While it’s clear Obi-Wan Kenobi season 2 isn’t a priority for Kennedy and her very busy studio at the moment, this doesn’t sound like it’s a complete closing of the door, either. After all, it took 17 years for McGregor to finally reprise the role the first time around, and we know the actor is down for more.
“Would I like to make another one?” McGregor told EW last year. “Yeah, I would like to make another one.” A few weeks later, McGregor echoed this sentiment in an interview with GQ: “I really hope we do another [season]. If I could do one of these every now and again — I’d just be happy about it.”
The question would be where Obi-Wan could go next. At the point in the timeline when the the series is set, about a decade before the events of A New Hope, old Ben is supposed to be in exile on Tatooine, watching over Luke. We saw what one detour from that mission almost cost, with Reva hunting down the future Jedi Master and his family and almost killing the boy. Would Obi-Wan risk it all again for another mission into space? The quest (and the story) would really need to matter.
Kennedy said as much to EW ahead of the show’s premiere last year: “Everybody involved would love to see this not end. But we have to really spend our time asking the question: Why would we do it? If we were to decide to do anything more with the Obi-Wan character, we’d have to really answer the question why?”
The Obi-Wan Kenobi finale certainly seemed to close the book on this particular chapter of the Jedi Master’s life. With Luke and Leia once again safe from the Empire, Anakin and Darth Vader no longer weighing on his conscience, and his Jedi faith and Force powers restored, Obi-Wan had finally found some peace. The last we saw him, he was off to Force ghost training with Qui-Gon Jinn, while Luke and Leia got to enjoy their childhoods for a bit longer. That should about wrap things up until their reunion in A New Hope, no? At the very least, this was the creative team’s intention.
“We always focused on this as a complete six-part story,” Obi-Wan Kenobi writer Joby Harold confirmed to Den of Geek magazine last year. According to Harold, approaching the story in any other way would have “felt like hubris, like lurking.”

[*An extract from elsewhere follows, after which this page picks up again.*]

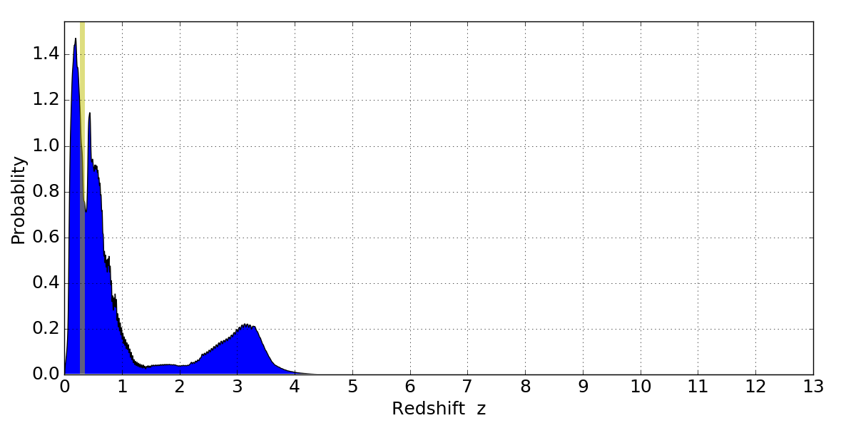 In P(z) plots: Yellow lines mark the cluster redshift z = 0.307,

He continued, “Looking at this limited series as the first part of anything, or as interconnected to anything beyond the canon and mythology that preexists, was less interesting than just looking at it as a complete story.”
But director Deborah Chow, who helmed all six episodes, left the door ajar on the possibility of more Obi-Wan Kenobi.

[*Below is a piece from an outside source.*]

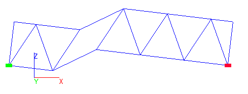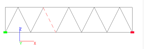 Пример. Расчетная модель плоской фермы представлен на рисунке 1. Отсутствующий раскос показан красной прерывистой линией. Форма колебаний, соответствующая нулевой частоте, показана на рисунке 2. Начальный сдвиг принят равным -0.001 Гц.

“I mean, there are of course more stories that you could tell,” Chow told Radio Times last June. “There’s obviously another 10 years before we get to A New Hope and with a character like Obi-Wan Kenobi, I think even just watching him ride across the sand sometimes is interesting. So, who knows? It’s hard to say right now, but it was not the intention.”
In other words, if McGregor does get to reprise his role again one day, it sounds like it won’t be for a while yet. With Lucasfilm piling on the projects, including the franchise’s big return to the cinema, let’s just hope Obi-Wan’s next outing doesn’t take another 17 years.